::: Data :::

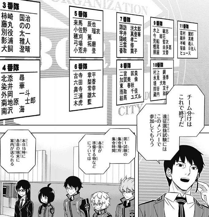 各隊の隊長全員が第3プールの指名を終え、チーム分けが終了します。第1試験の集合場所、集合時間、各自が準備する物などについては、15時に各端末に案内が送られる、と忍田から説明があります。
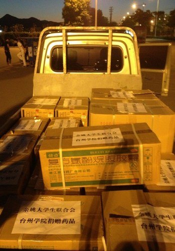 10月11日,物电学院志愿者配合余姚籍同学一起在椒江校区食堂及超市门口设立了两个募捐点。路过师生争先捐款,有的10元20元,有的50元100元,最多的一次捐了500元,当天就募集到了15500元善款。同学们还从各种途径了解了余姚当地急需药品目录,决定用募捐到的善款采购一批消炎、消毒药。最终买到了消毒零粉、蒲地蓝消炎片、红霉素软膏等药品及酒精棉花、纱布等医药用品,整整装了一车。
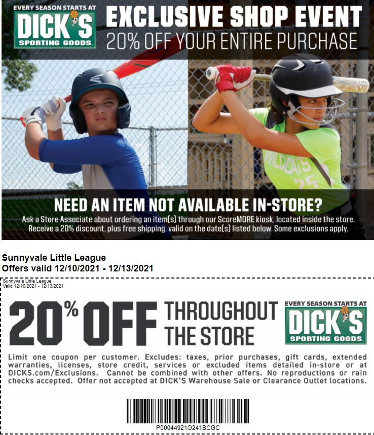 Dick's Sporting Goods Promo Code - wikiHow Coupons Take $20 off all Orders at Dick's Sporting Goods Get coupon TERMS & CONDITIONS $20 Coupon $20 off at Dick's Sporting Goods Get coupon TERMS & CONDITIONS $30 Coupon Get $30 off with this Coupon Code Get coupon TERMS & CONDITIONS The best coupon codes for you

:::

Problem requirements
Everything in the data except the pictures must be retyped exactly.

Written response
 各隊の隊長全員が第3プールの指名を終え、チーム分けが終了します。第1試験の集合場所、集合時間、各自が準備する物などについては、15時に各端末に案内が送られる、と忍田から説明があります。
 10月11日,物电学院志愿者配合余姚籍同学一起在椒江校区食堂及超市门口设立了两个募捐点。路过师生争先捐款,有的10元20元,有的50元100元,最多的一次捐了500元,当天就募集到了15500元善款。同学们还从各种途径了解了余姚当地急需药品目录,决定用募捐到的善款采购一批消炎、消毒药。最终买到了消毒零粉、蒲地蓝消炎片、红霉素软膏等药品及酒精棉花、纱布等医药用品,整整装了一车。
 Dick's Sporting Goods Promo Code - wikiHow Coupons Take $20 off all Orders at Dick's Sporting Goods Get coupon TERMS & CONDITIONS $20 Coupon $20 off at Dick's Sporting Goods Get coupon TERMS & CONDITIONS $30 Coupon Get $30 off with this Coupon Code Get coupon TERMS & CONDITIONS The best coupon codes for you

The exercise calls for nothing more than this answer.